4 diciembre 2002
Arousa pelea con
las manos desnudas
Nadie se prestó a una fotografía demagógica, ayer,
en la boca de Arousa. Cuando el fuel por fin apareció, haciendo
buenos los peores presagios y echando por tierra los analgésicos
discursos oficiales, mantenidos contra viento y marea hasta el último
momento, entonces sólo un puñado de mariscadores y pescadores
le estaban esperando. Ninguna ocasión mejor para arrimar el hombro
en la tarea titánica, casi imposible, que quedaba por delante:
frenar la destrucción de la primera reserva marina de Galicia.
Pero no. Sola, como siempre, organizándose por su cuenta y riesgo,
recogiendo la muerte negra con uñas y dientes, la gente del mar
hizo su trabajo lejos de los despachos de Santiago y Madrid.
La mañana empezó mal. Las noticias
volaban entre las emisoras de las pequeñas embarcaciones, repartidas
en dos frentes, al norte y al sur de Sálvora, la isla que cierra
la ría. La principal mancha enfilaba el rumbo de Bueu y apuntaba
hacia Vigo y las Cíes. Pero una multitud de pequeñas extensiones
de fuel, apenas puñados en algunos casos, hasta cinco y seis metros
de pestilente hidrocarburo en otros, se colaban en el canal de navegación.
Como sus bisabuelos
Frente a Sálvora, apenas a una milla, uno
de esos buques cuyo lujo ni Galicia ni España pueden permitirse,
el belga Union Beaver hacía lo que podía con los residuos
de mayores dimensiones.
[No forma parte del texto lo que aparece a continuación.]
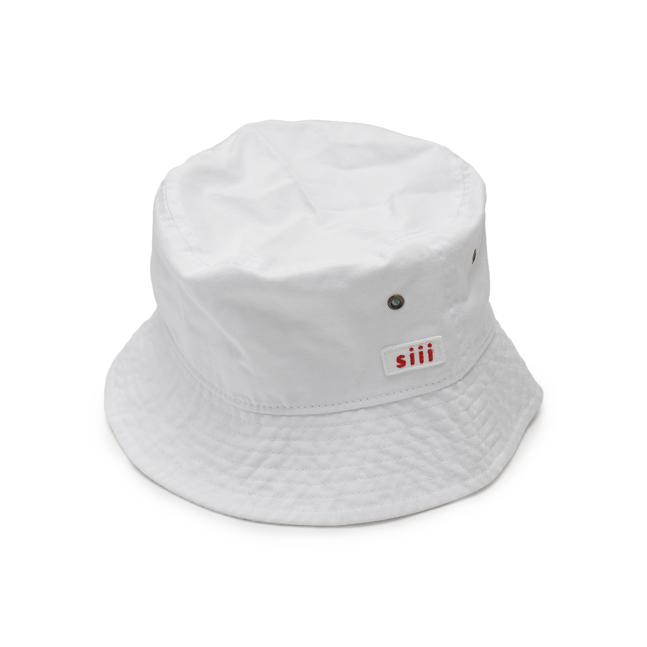 siiiのボックスロゴの刺繍パッチを施し、シンプルでいて合わせやすさ抜群!アウトドアからストリートシーンまで活躍するコットンバケットハット。

El resto quedaba, literalmente, en manos de un
centenar de barcos mejilloneros y otras tantas gamelas, unas diminutas
lanchas en las que tripulaciones formadas por tres hombres se dejaban
el pellejo y el aliento con los mismos medios de los que podrían
haber dispuesto sus bisabuelos: trueles, rastrillos, horquillas y sus
puños crispados.
Los bateeiros recogían el mejillón
a toda prisa para descargar en los muelles y dirigir sus barcos hacia
O Grove y Aguiño, junto a sus compañeros. Alguno arañaba
el que quizás fuese el último centollo de la temporada.
El momento de la previsión, de hacer acopio de recursos y de buscar
la coordinación oficial en un operativo meditado había pasado
de largo.
En la playa es posible dar media vuelta y esconderse
entre cuatro paredes. En el mar, cuando el fuel entra por los ojos y las
narices y se multiplica hasta la náusea, no hay alternativa. Las
llamadas a la prudencia, al pertrecho bajo medidas de seguridad, el guante
y la mascarilla, no sirven cuando el pan y la vida están en juego
y sólo el propio esfuerzo se interpone en el avance del desastre.
Ayer, en la ría de Arousa, se limpió chapapote donde había
que hacerlo, en el agua, antes de que la mortífera carga del Prestige
golpease la costa. Y se hizo a pulmón descubierto, sin mascarillas,
sin guantes cuando por desgracia fue necesario, a pura mano y a puro nervio.
Cartones de leche
No había ningún loco. Cada vez que
una nueva embarcación se unía a la lucha, la exigencia era
la misma: «¿Tedes mascarillas? Chamade pola radio, pedide
máis, aquí hai xente que xa se está a poñer
mal». Eran las tres de la tarde. Muchos de los hombres cumplían
su séptima hora entre los pegajosos vertidos. Y la falta de la
más básica de las protecciones se suplió con las
mismas recetas que podrían haber recomendado sus bisabuelas: en
pleno siglo XXI, una planeadora repartía cartones de leche entre
los trabajadores para evitar una intoxicación cantada. Difícil
imaginar recurso más rudimentario.
Tiempo para las aves
Poco a poco, un gris oscuro fue tiñendo cielo
y mar con la amenaza del temporal. Las gamelas cabalgaban olas de cuatro
metros con Sálvora y Ons a la vista, dos de las islas del primer
parque nacional de Galicia, el de las Illas Atlánticas, que nace
bajo la lacra del fuel. A pesar de ello, el horizonte se mostraba huérfano
de dispositivos de Medio Ambiente. Ni para intentar proteger el espacio
teóricamente protegido, ni para recoger a las aves que nadaban
entre el chapapote. Una vez más, eran los mariscadores quienes
se encargaban de retirar del mar a mascatos y paíños cubiertos
de un manto letal. «¿Ides a terra? Levádeos e chamade
para que os recollan; están moi mal». El Carlitos , un barco
del Aquarium de O Grove, asumió el traslado. Ya en el muelle, un
solitario funcionario explicaba que la consellería estaba desbordada:
«É que case non temos barcos». Mientras, las emisoras
rugían pidiendo depósitos para los residuos. Todo valía,
desde contenedores para el reciclaje de basura hasta capachos de almejas.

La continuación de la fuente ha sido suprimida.